Sayın Erbakan, Sayın Kutan, Asiltürk, Kazan, Karamollaoğlu, Tekdal, Yasin Hatipoğlu gibi isimler vardı. Sonra Yargıtay Başsavcılığı yazı gönderdi. "Karar verin. Bu kurul parti grubu mudur, istişare kurulu mudur" diye. "Ona göre düzenleme yapın, tüzük değişikliği yapın" dedi. Biz bu kongrede uzlaşıp tüzük değişikliği yaptık. O değişiklikte de genel başkanın teklifiyle Genel İdare Kurulu'nun onayı ile partide daha önce hizmette bulunmuş genel başkanlar tabii üyedir ve ayrıca genel başkanın teklifi ile seçilecek milletvekilleri, bakanlık yapmış tecrübeli isimlerden oluşan bir Yüksek İstişare ve Onur Kurulu kuruldu.
* Sonra ne oldu peki?
Bizim istediğimiz buydu! Yüksek İstişare ve Onur Kurulu'nda olacak büyüklerimizin aynı zamanda Genel İdare Kurulu'nda olmasını istemedik. Liste ile ilgili meselenin aslı budur. Bu konuda bir mutabakat sağlayamadık yani...
* Aldığım kulislere göre, aslında Fatih Erbakan'ın ismi sizin beyaz listenizde saat 12.30'a kadar varmış. Fakat işin içine yeşil liste girince, siz Fatih Erbakan'ı tümden yok etmişsiniz.
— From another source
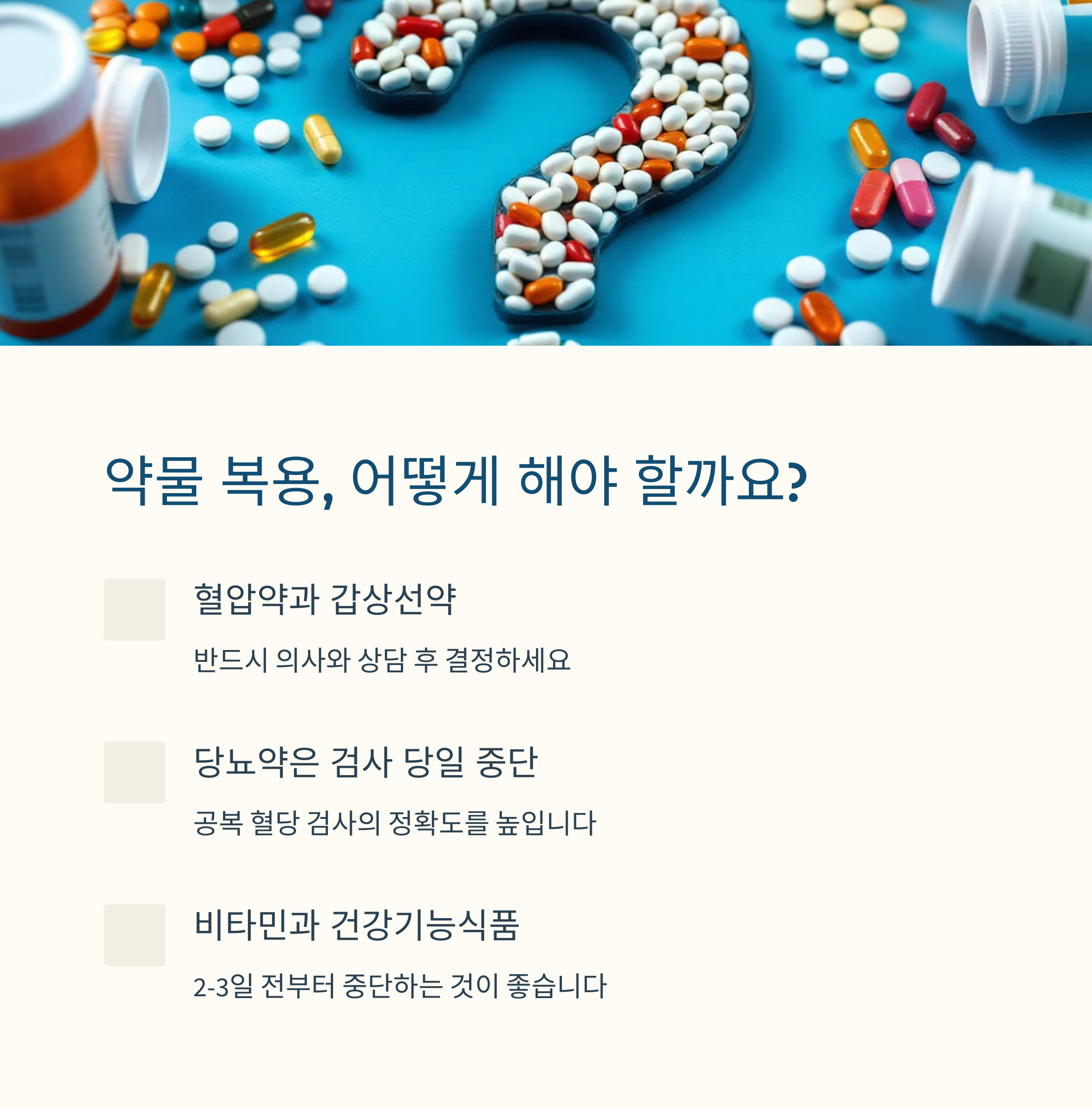 | 검사 정확도 향상에 도움 | 혈액검사 및 당 수치 정확도 확보 | 수치 왜곡 방지 목적 |
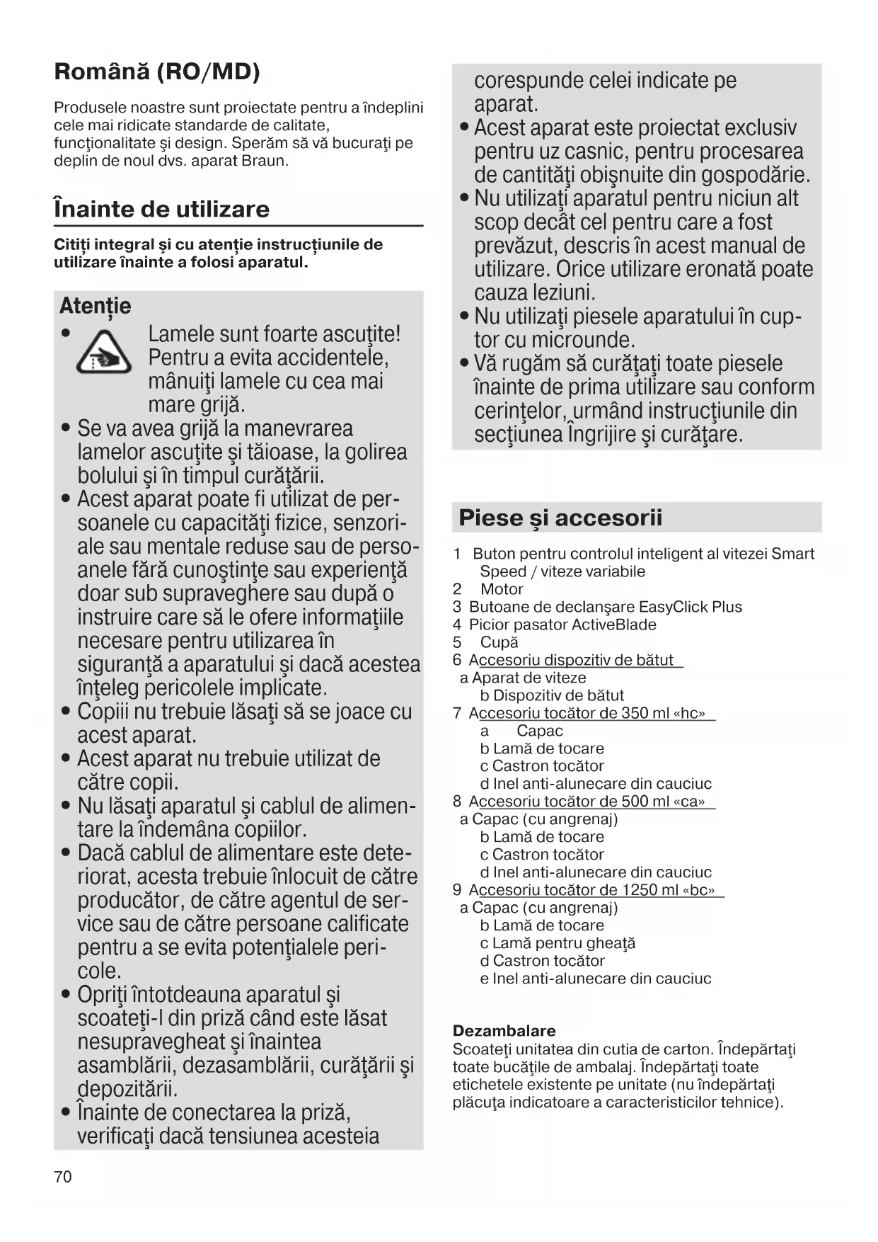 info@braunhousehold.com.tr 5722113444_01_MQ 7000x_7045x_INT_S6-96.indd 695722113444_01_MQ 7000x_7045x_INT_S6-96.indd 69 04.07.19 13:5404.07.19 13:5470 Română (RO/MD) Produsele noastre sunt proiectate pentru a îndeplini cele mai ridicate standarde de calitate, funcţionalitate şi design. Sperăm să vă bucuraţi pe deplin de noul dvs. aparat Braun. Înainte de utilizare Citiţi integral şi cu atenţie instrucţiunile de utilizare înainte a folosi aparatul. Atenţie

Bir kişilik bir siyaset kavgası gibi bir durum yoktu ortada. Burada yönetimle ilgili, yöntemlerle ilgili farklılıklarımız vardı, bir genel başkanın da belli alanlarda kendi inisiyatifini koyması son derece normaldir.
* Yani diyorsunuz ki; "İnisiyatifimi kullandım ve evet Fatih Erbakan'ı da listeden çıkardım!" 11
Temmuz 2010 geride kalmıştır artık. Kongre hakkında daha fazla bir şey konuşmak istemiyorum.
* Fatih Erbakan'ı listeden sildiğinize pişman oldunuz mu? Keşke silmeseydim de partide bu karmaşa çıkmasaydı dediniz mi hiç?
Öyle görünüyor ki bir iki isimle ilgili bir tartışma değil artık, kongre sonrası tartışmaların öyle olmadığı ortaya konuldu.